Preheat the oven to 350F. Line an 8x8 or 9x9-inch baking dish with parchment paper.
In a high-speed blender, add the almonds and blend into a fine meal. Scrape under the blade to loosen anything stuck down there.
Add the milk, sugar, butter, cocoa powder, baking powder, salt, vanilla, and eggs. Blend until very smooth, scraping anything stuck to the sides as needed.
ransfer to the baking dish (the mixture will be very liquidy). Sprinkle the chocolate evenly over top (it may sink to the bottom, that’s fine!). Carefully transfer to the oven and bake for 30-35 minutes or until a knife comes out clean in the center. It’s best to let the cake cool completely before glazing so that it doesn’t stick/seep into the cake, but I’m never that patient so I just let it cool for an hour, then glaze it.
To make the glaze: In a medium microwavable bowl, add the chocolate chips and cream or coconut milk. Microwave in 15 second intervals, stirring thoroughly after each time, until smooth (usually takes two 15 second zaps). If the glaze is too runny, let it cool until it is more spreadable.

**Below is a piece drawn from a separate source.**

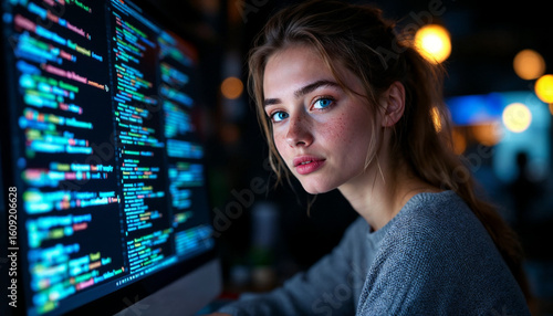 Realistic digital art of a young white woman with freckles coding at a computer, warm glow.
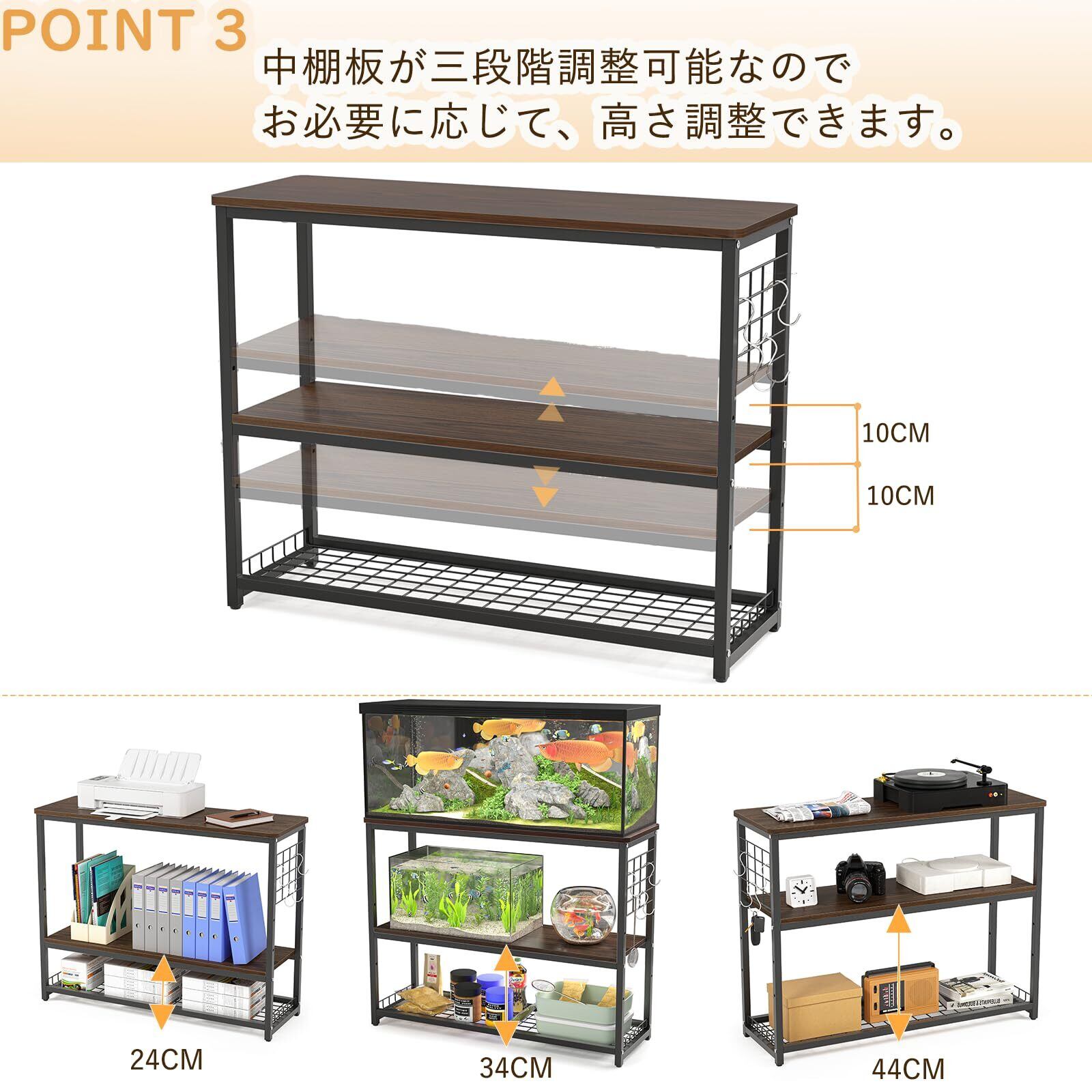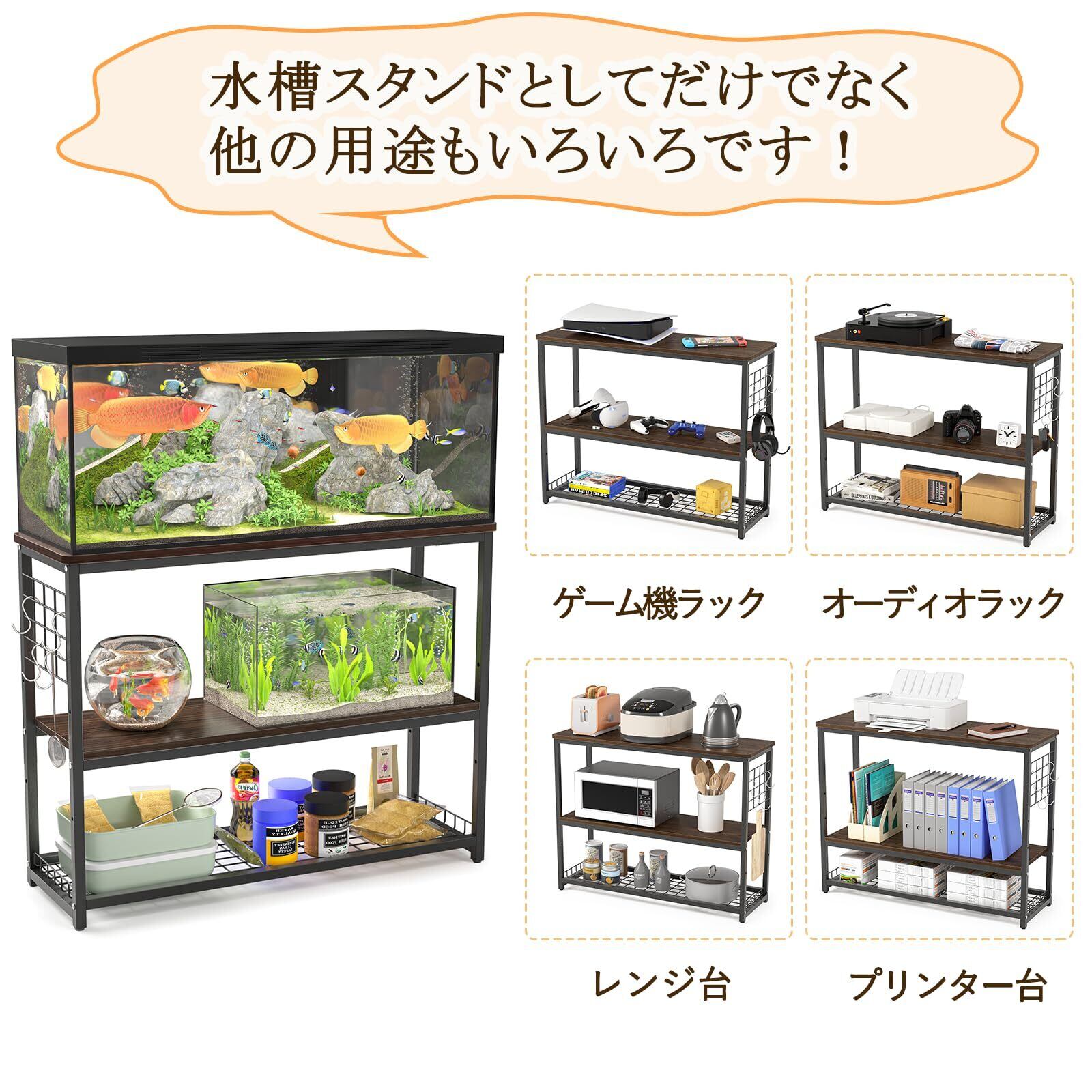 【中棚板高さ調整可】水槽スタンドの中棚板の位置が3段階調節できて、用途に合わせて適当な高さを調整できます。またご必要に応じて、水槽台としてだけでなく、プリンター台、オーディオラック、レンジ台、ゲーム機収納ラックなどとしてもOKです!

Transfer the glaze in the center of the cooled cake and spread around with the back of a spoon or rubber spatula. Top immediately with your desired toppings so that they stick. You can slice it right away, but it’s best to let the glaze cool off/solidify, about 15-30 minutes longer if you can wait!
We liked the cake best cold straight out of the fridge for a fudgier texture.